DATA EXTRACT ->
▬▬▬▬▬▬▬▬▬▬

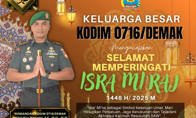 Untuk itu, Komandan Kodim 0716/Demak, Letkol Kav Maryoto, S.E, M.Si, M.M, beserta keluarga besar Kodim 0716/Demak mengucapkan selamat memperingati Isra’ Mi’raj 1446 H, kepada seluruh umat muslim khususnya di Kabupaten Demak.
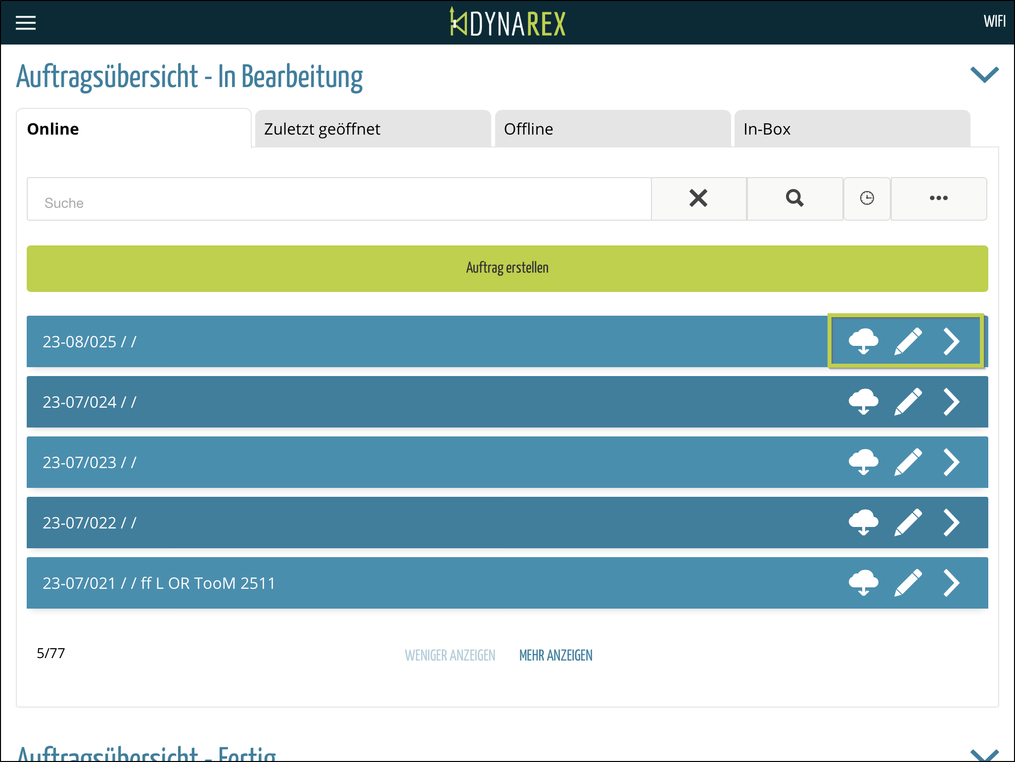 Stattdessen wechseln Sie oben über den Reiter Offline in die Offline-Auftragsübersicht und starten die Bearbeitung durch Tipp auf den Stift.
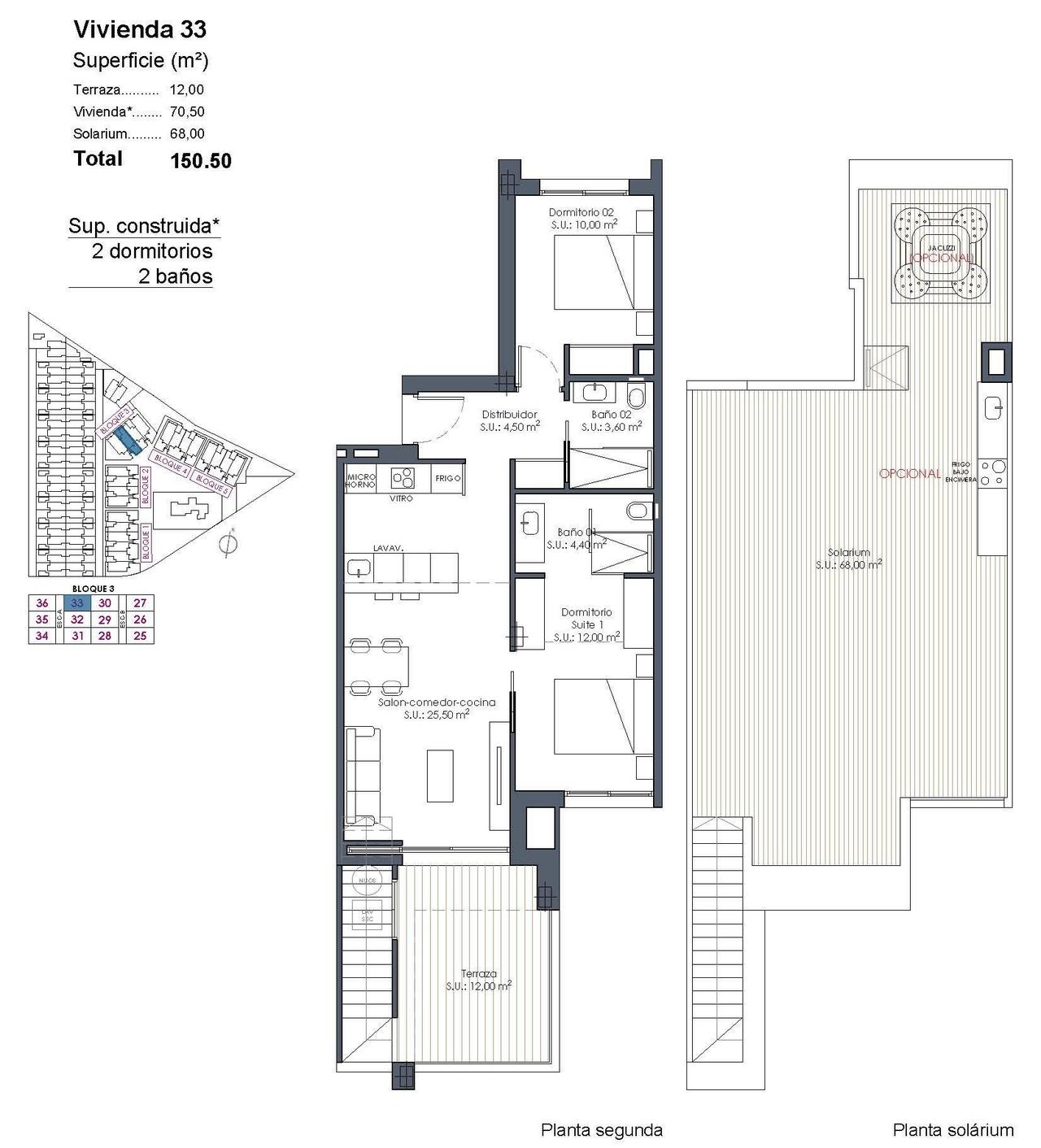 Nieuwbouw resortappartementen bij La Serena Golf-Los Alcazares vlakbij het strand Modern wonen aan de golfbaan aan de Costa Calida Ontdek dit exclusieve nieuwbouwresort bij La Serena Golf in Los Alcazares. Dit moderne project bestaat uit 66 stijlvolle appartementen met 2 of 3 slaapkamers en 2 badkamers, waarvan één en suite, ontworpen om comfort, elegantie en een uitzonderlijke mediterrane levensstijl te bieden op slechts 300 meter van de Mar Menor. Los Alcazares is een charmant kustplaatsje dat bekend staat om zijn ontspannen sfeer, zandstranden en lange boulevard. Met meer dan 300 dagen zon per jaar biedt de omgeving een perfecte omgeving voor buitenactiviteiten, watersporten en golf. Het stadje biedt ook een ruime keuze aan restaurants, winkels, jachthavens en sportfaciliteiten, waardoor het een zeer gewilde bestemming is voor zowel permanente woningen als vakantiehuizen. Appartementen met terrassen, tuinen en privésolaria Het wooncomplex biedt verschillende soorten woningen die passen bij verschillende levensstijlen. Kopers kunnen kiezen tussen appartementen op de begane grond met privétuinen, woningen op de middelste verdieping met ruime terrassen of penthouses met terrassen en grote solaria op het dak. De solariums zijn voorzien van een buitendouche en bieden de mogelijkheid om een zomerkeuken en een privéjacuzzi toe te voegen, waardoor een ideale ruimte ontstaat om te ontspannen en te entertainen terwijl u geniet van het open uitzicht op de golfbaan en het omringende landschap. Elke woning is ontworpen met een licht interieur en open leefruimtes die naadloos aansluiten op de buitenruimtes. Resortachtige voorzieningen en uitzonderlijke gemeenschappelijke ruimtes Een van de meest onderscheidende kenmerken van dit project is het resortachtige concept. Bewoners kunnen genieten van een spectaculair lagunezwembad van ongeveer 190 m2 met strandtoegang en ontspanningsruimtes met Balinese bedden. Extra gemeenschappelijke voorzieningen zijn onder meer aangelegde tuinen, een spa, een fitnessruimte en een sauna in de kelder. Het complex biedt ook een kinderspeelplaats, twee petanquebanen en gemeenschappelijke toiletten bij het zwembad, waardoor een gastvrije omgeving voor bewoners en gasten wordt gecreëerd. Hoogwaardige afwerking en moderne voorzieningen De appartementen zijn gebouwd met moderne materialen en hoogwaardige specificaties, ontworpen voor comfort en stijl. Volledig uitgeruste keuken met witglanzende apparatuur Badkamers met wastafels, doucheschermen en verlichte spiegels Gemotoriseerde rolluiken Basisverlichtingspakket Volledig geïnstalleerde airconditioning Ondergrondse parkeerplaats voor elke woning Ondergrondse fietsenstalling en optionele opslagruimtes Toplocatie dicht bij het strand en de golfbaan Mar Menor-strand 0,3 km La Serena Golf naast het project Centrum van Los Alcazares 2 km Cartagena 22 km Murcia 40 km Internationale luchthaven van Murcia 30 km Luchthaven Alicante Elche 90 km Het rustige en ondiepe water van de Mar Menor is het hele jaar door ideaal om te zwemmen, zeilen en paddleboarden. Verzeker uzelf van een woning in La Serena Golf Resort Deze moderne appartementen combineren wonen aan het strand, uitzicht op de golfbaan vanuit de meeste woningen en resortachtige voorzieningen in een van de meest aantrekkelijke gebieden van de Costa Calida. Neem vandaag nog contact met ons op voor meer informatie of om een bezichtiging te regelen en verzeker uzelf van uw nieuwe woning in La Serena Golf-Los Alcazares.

▬▬▬▬▬▬▬▬▬▬

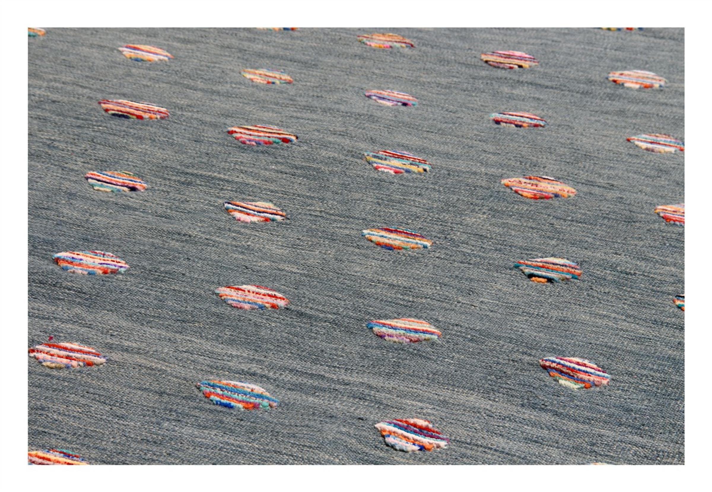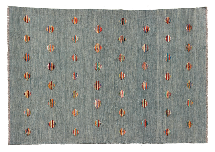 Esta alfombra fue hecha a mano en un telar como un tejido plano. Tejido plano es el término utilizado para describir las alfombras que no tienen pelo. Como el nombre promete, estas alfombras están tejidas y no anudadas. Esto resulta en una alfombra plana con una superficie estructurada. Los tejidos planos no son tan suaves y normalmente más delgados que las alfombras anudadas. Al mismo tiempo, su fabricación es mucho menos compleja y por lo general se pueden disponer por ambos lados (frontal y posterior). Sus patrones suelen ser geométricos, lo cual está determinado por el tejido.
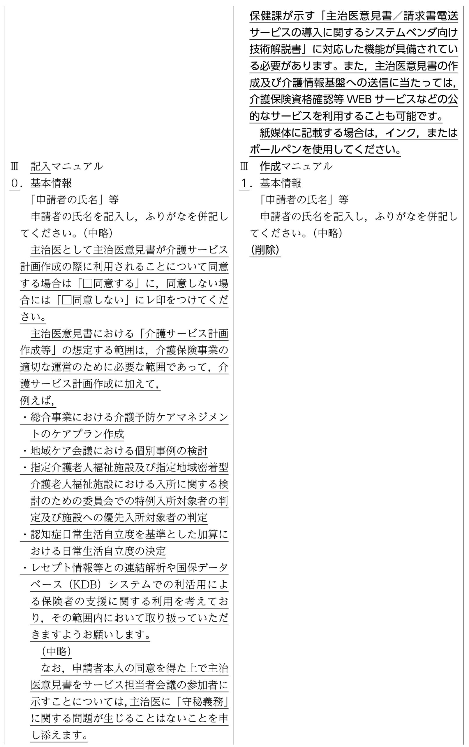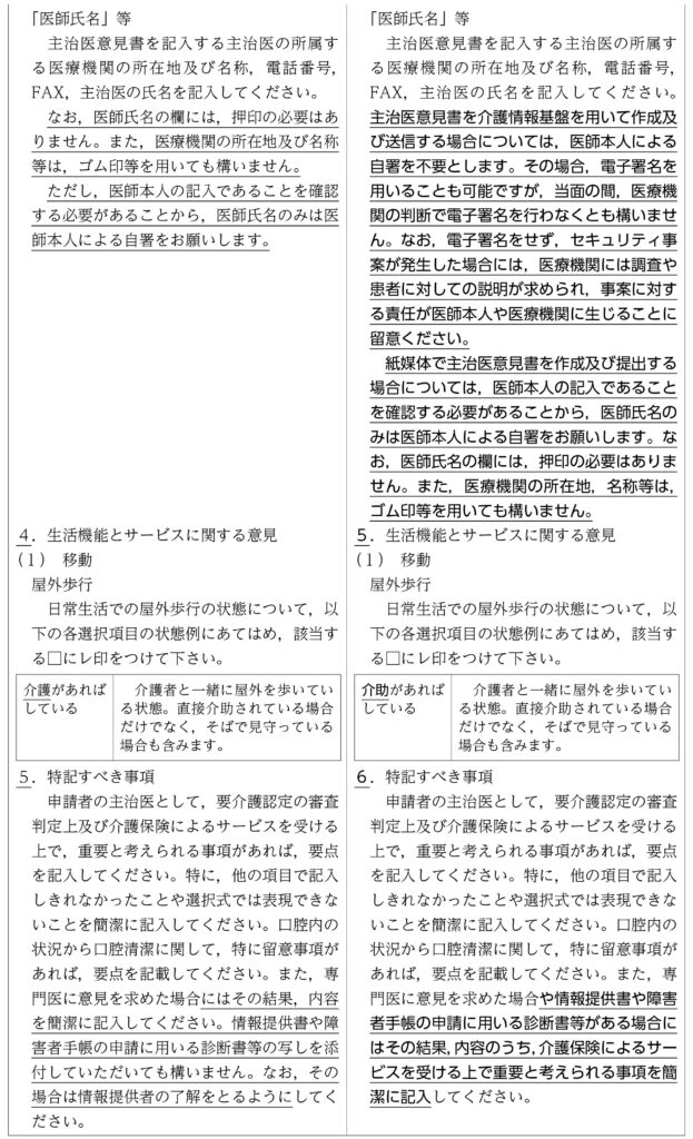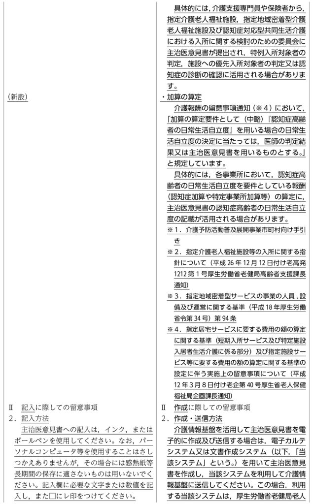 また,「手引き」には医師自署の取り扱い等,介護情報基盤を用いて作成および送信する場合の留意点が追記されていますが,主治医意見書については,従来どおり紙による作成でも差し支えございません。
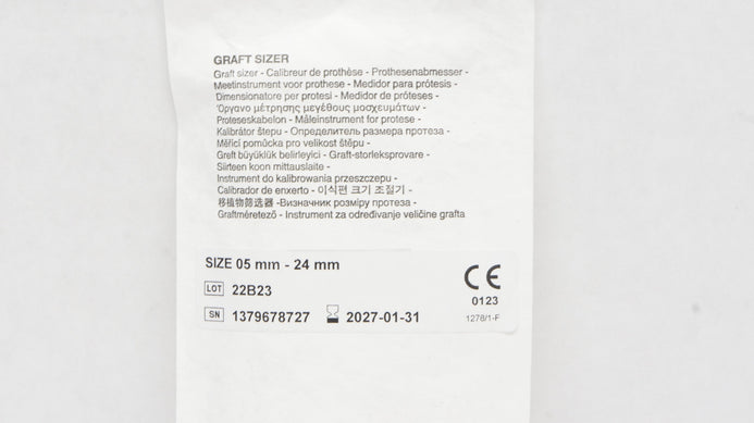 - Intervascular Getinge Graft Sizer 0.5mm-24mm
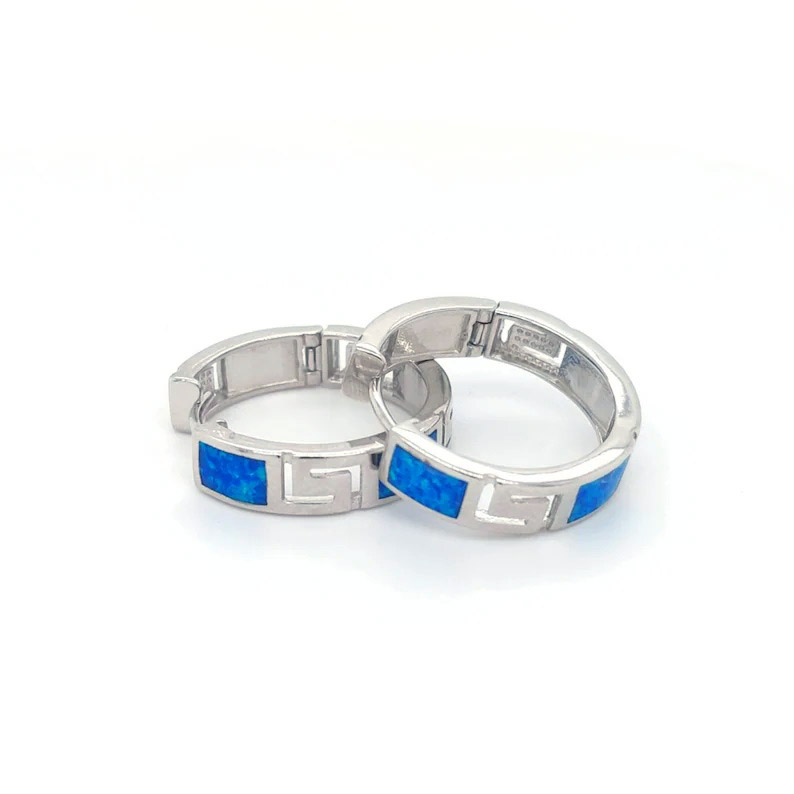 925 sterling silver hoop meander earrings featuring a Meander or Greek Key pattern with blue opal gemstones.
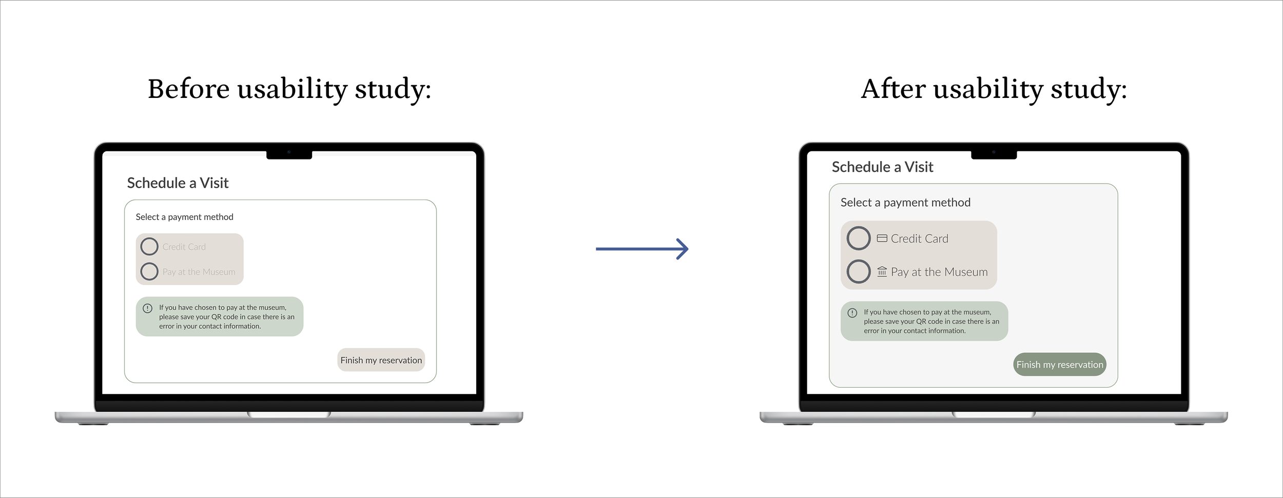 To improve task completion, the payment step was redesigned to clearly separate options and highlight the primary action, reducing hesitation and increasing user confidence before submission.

▬▬▬▬▬▬▬▬▬▬

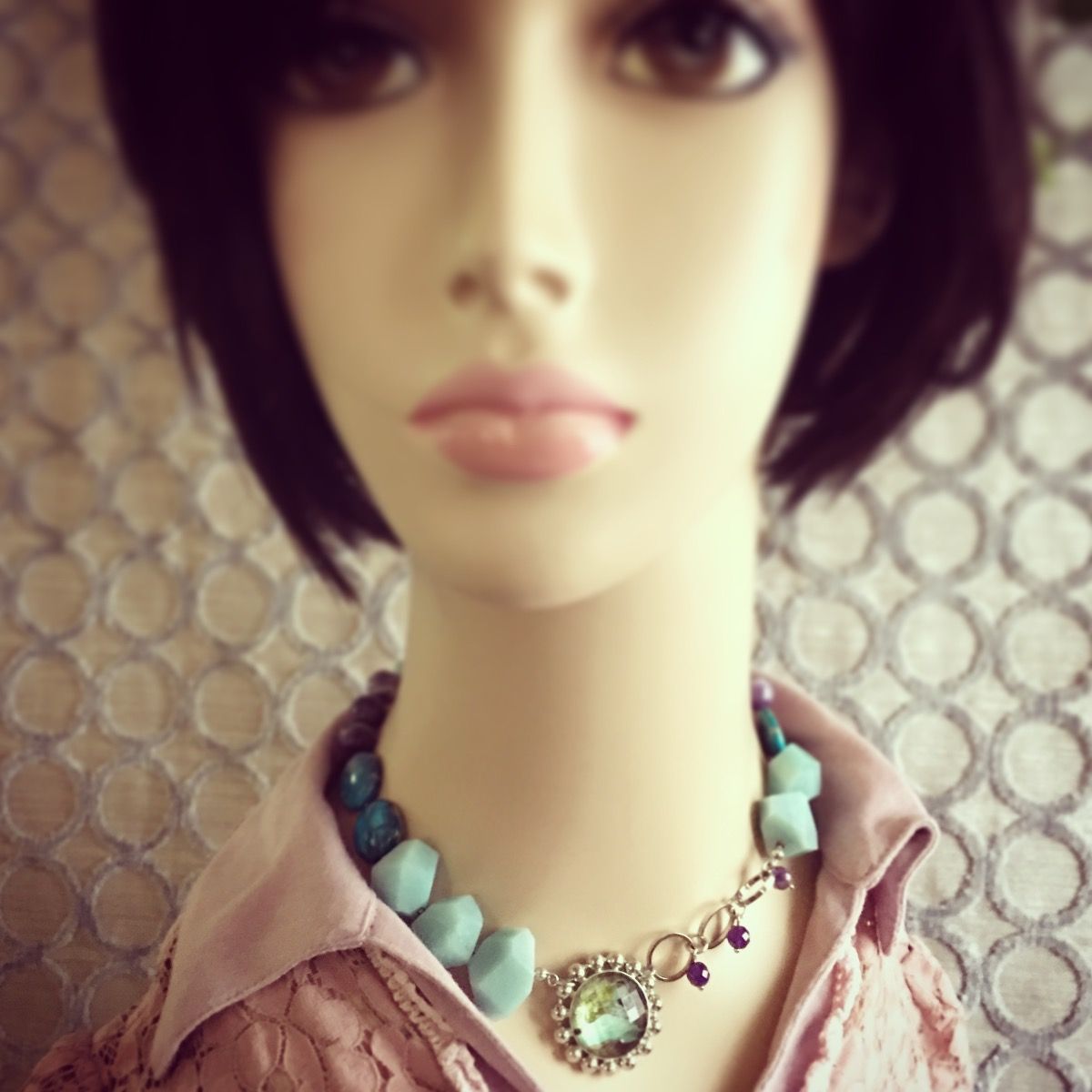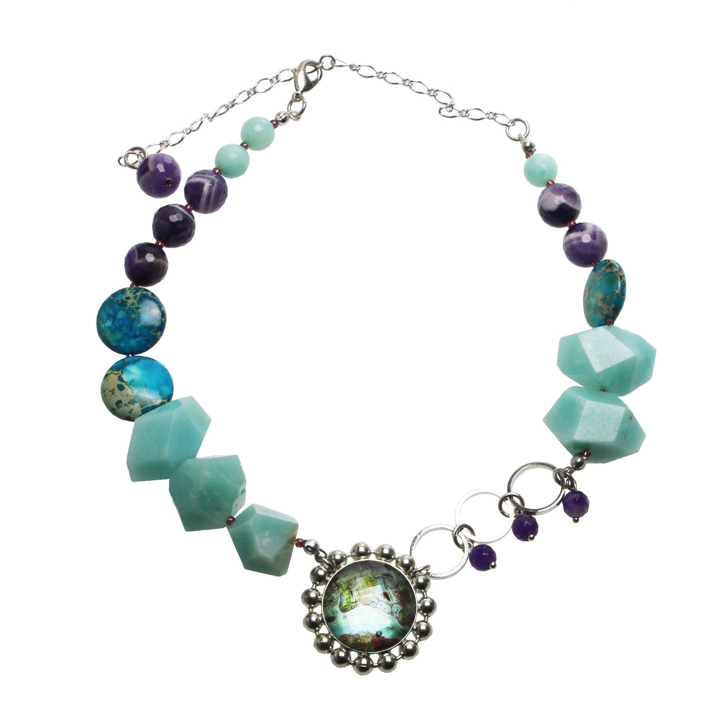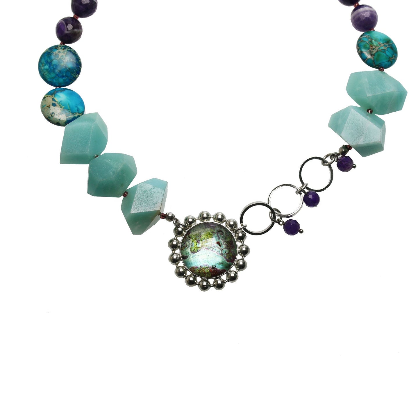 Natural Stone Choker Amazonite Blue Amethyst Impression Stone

▬▬▬▬▬▬▬▬▬▬

ACTIVITY -> In the entries above, every line from the line with "Esta alfombra fue" to the line with "To improve task" is to be printed exactly, with both ends included and pictures excluded.

ANSWER FOR THIS EXERCISE ->
 Esta alfombra fue hecha a mano en un telar como un tejido plano. Tejido plano es el término utilizado para describir las alfombras que no tienen pelo. Como el nombre promete, estas alfombras están tejidas y no anudadas. Esto resulta en una alfombra plana con una superficie estructurada. Los tejidos planos no son tan suaves y normalmente más delgados que las alfombras anudadas. Al mismo tiempo, su fabricación es mucho menos compleja y por lo general se pueden disponer por ambos lados (frontal y posterior). Sus patrones suelen ser geométricos, lo cual está determinado por el tejido.
 また,「手引き」には医師自署の取り扱い等,介護情報基盤を用いて作成および送信する場合の留意点が追記されていますが,主治医意見書については,従来どおり紙による作成でも差し支えございません。
 - Intervascular Getinge Graft Sizer 0.5mm-24mm
 925 sterling silver hoop meander earrings featuring a Meander or Greek Key pattern with blue opal gemstones.
 To improve task completion, the payment step was redesigned to clearly separate options and highlight the primary action, reducing hesitation and increasing user confidence before submission.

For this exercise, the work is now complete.